At MyST Software, we recognise the importance of your privacy and understand your concerns about the security of the Personal Information you provide to Us. We comply with the Australian Privacy Principles (APPs) as contained in the Privacy Act 1988 (Cth). The APPs detail how Personal Information may be collected, used, disclosed, stored and destroyed, and how an individual may gain access to or make complaints about the Personal Information held about them.

In this Privacy Policy:

  • "MyST Software" means both MyST Software Pty Ltd ACN 634 424 990 and Rubicon Red Pty Ltd ACN 634 424 132.
  • “Personal Information” is information or an opinion about an identified individual, or about an individual who is reasonably identifiable.
  • “Sensitive Information”, a sub-set of Personal Information, is information or an opinion about an individual’s racial or ethnic origin, political opinions, political association membership, religious beliefs or affiliations, philosophical beliefs, professional or trade association membership, trade union membership, sexual orientation or practices or criminal record, and includes health information and genetic information.

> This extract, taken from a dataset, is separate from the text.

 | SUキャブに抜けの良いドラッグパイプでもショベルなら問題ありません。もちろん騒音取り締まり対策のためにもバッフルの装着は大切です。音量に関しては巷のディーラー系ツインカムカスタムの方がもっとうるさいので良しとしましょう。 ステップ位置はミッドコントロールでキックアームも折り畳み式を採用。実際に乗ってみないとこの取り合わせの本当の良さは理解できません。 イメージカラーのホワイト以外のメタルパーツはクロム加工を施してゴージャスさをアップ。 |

So that you may understand how MyST Software deals with your Personal Information, we have set out how and why we collect, hold, use, manage and disclose Personal Information in this Privacy Policy.

We will update this Privacy Policy from time to time at Our discretion, so you should visit Our website regularly to see the latest copy of the Privacy Policy.

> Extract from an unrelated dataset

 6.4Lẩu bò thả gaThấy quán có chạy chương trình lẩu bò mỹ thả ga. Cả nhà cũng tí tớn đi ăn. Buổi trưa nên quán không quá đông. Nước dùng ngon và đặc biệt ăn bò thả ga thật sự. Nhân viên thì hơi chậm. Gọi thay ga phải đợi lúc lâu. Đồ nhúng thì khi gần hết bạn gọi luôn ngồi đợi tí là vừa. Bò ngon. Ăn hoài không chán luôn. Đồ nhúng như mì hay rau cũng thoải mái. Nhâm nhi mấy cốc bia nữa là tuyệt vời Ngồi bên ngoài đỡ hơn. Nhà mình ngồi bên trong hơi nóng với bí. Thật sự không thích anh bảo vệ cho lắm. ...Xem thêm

This Privacy Policy binds all the companies in the Rubicon Red group, including Our related and affiliated companies. We may use any of Our group companies to assist Us perform Our business activities and functions, and this Privacy Policy should be interpreted so that “We/Us/Our” includes any of Our group companies. These group companies include:

  • Rubicon Red Consulting Services Pty Ltd (ACN 138 910 371);
  • Rubicon Red International Pty Ltd (ACN 167 809 770);
  • Rubicon Red Asset Management Pty Ltd (ACN 163 068 362);
  • Rubicon Red LLC;
  • Rubicon Red Software India Private Limited.

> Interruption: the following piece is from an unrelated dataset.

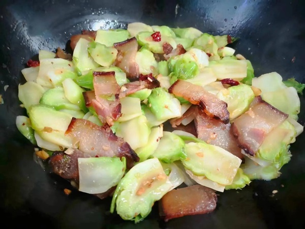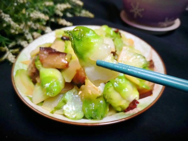 Thành phẩm món thịt xông khói xào rau mầm đá

Our MyST Software's business activities and functions include:

  • promoting, offering, selling and performing professional services, including consulting, advice and training;
  • promoting, offering, selling and performing managed services;
  • promoting, offering, licensing and providing support for, software products and software as a service offerings;
  • business activities related to any of these activities.
What Personal Information do we Collect and Hold?

The kinds of Personal Information we collect from you or about you depend on the transaction you have entered into with us, the products and services you or your organisation have contracted us to provide, and the products and services you or your organisation are interested in. The kinds of Personal Information that we commonly collect and hold from you or about you include:

  • your name, date of birth and relationship to other individuals (e.g. record of next of kin or emergency contact);
  • your address, phone number, fax number, email address, Skype address and other addresses/contact details/identifiers used in electronic communications or business cards;
  • voicemail recordings left in MyST Software's phone system and images that individuals have made publicly available or provided to us;
  • video and sound recordings from our security systems;
  • demographic information such as postcode, preferences or interests;
  • information about the products or services that you purchase or consider purchasing from MyST Software, its suppliers or business associates;
  • information about enquiries made to MyST Software, our suppliers or business associates;
  • information you provide when you raise a support enquiry or when MyST Software is working with you to resolve a technical or administrative query;
  • information that you provide in response to market research, surveys or competitions that are conducted by or for MyST Software;
  • information that is provided in respect of employment, contract work, work experience or similar, whether solicited or unsolicited;
  • credit card or details of other payment methods used on MyST Software's website or to purchase our products and services.

Generally, we do not collect or hold Sensitive Information. However, we may collect Sensitive Information from you or about you:

  • where there is a legal requirement to do so;
  • 2.2.2 where the Sensitive Information is directly linked to the individual’s employment records and MyST Software's collection, holding and use is permitted by the law for the purpose managing the individual’s employment record;
  • where Sensitive Information is provided to MyST Software in connection with the individual seeking employment, contract work, work experience or similar, whether solicited or unsolicited;
  • where we are otherwise permitted by law; or
  • where we have sought your specific consent.
How do we Collect and Hold Personal Information?

We aim to collect Personal Information only directly from you, unless it is unreasonable or impracticable for us to do so. We may collect Personal Information from you in a number of ways, including:

  • through MyST Software's website;
  • through communications with you, including letters, emails, telephone calls, voicemail recordings, facsimiles, surveys, competitions and via social media applications;
    through communications with others;
  • in the course of providing our products and services to you, including providing support through our support service;
  • in the course of our business functions and activities.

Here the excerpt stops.